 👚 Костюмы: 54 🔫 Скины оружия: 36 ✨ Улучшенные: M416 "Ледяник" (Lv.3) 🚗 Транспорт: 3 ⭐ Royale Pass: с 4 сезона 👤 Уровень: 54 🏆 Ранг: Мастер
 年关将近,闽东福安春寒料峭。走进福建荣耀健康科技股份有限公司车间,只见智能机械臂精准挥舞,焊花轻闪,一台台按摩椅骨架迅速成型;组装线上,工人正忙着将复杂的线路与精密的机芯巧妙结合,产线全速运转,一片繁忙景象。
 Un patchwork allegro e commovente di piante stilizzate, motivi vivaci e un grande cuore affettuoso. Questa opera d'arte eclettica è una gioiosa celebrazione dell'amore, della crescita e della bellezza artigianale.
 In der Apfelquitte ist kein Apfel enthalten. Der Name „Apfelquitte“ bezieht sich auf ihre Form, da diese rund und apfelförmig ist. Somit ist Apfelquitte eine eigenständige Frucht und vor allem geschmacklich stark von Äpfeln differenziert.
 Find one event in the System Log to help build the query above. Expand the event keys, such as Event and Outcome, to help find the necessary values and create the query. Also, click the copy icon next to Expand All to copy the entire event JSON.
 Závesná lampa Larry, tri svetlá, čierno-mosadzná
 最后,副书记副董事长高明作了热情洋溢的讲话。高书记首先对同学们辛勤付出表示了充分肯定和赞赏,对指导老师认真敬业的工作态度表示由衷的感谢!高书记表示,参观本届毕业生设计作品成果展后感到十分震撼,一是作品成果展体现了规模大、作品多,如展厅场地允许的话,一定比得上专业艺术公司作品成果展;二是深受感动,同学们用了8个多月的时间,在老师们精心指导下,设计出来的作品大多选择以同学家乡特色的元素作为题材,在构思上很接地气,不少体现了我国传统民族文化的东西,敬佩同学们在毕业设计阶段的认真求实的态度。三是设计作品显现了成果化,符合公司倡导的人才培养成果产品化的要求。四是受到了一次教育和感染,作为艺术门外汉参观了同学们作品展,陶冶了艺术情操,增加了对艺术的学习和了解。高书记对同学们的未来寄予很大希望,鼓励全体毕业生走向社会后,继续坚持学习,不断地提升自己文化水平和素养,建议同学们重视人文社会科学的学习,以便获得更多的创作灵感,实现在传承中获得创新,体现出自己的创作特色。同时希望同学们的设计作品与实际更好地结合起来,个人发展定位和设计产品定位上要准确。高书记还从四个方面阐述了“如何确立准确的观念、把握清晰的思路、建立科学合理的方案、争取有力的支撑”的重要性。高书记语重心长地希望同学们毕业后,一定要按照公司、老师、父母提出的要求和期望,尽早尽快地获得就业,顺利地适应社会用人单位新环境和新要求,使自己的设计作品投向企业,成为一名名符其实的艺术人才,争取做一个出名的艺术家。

#####

Skip all lines ahead of the one containing "Un patchwork allegro". Reproduce that line and the remainder of the listing above exactly.

◆ Solution to the exercise ◆
 Un patchwork allegro e commovente di piante stilizzate, motivi vivaci e un grande cuore affettuoso. Questa opera d'arte eclettica è una gioiosa celebrazione dell'amore, della crescita e della bellezza artigianale.
 In der Apfelquitte ist kein Apfel enthalten. Der Name „Apfelquitte“ bezieht sich auf ihre Form, da diese rund und apfelförmig ist. Somit ist Apfelquitte eine eigenständige Frucht und vor allem geschmacklich stark von Äpfeln differenziert.
 Find one event in the System Log to help build the query above. Expand the event keys, such as Event and Outcome, to help find the necessary values and create the query. Also, click the copy icon next to Expand All to copy the entire event JSON.
 Závesná lampa Larry, tri svetlá, čierno-mosadzná
 最后,副书记副董事长高明作了热情洋溢的讲话。高书记首先对同学们辛勤付出表示了充分肯定和赞赏,对指导老师认真敬业的工作态度表示由衷的感谢!高书记表示,参观本届毕业生设计作品成果展后感到十分震撼,一是作品成果展体现了规模大、作品多,如展厅场地允许的话,一定比得上专业艺术公司作品成果展;二是深受感动,同学们用了8个多月的时间,在老师们精心指导下,设计出来的作品大多选择以同学家乡特色的元素作为题材,在构思上很接地气,不少体现了我国传统民族文化的东西,敬佩同学们在毕业设计阶段的认真求实的态度。三是设计作品显现了成果化,符合公司倡导的人才培养成果产品化的要求。四是受到了一次教育和感染,作为艺术门外汉参观了同学们作品展,陶冶了艺术情操,增加了对艺术的学习和了解。高书记对同学们的未来寄予很大希望,鼓励全体毕业生走向社会后,继续坚持学习,不断地提升自己文化水平和素养,建议同学们重视人文社会科学的学习,以便获得更多的创作灵感,实现在传承中获得创新,体现出自己的创作特色。同时希望同学们的设计作品与实际更好地结合起来,个人发展定位和设计产品定位上要准确。高书记还从四个方面阐述了“如何确立准确的观念、把握清晰的思路、建立科学合理的方案、争取有力的支撑”的重要性。高书记语重心长地希望同学们毕业后,一定要按照公司、老师、父母提出的要求和期望,尽早尽快地获得就业,顺利地适应社会用人单位新环境和新要求,使自己的设计作品投向企业,成为一名名符其实的艺术人才,争取做一个出名的艺术家。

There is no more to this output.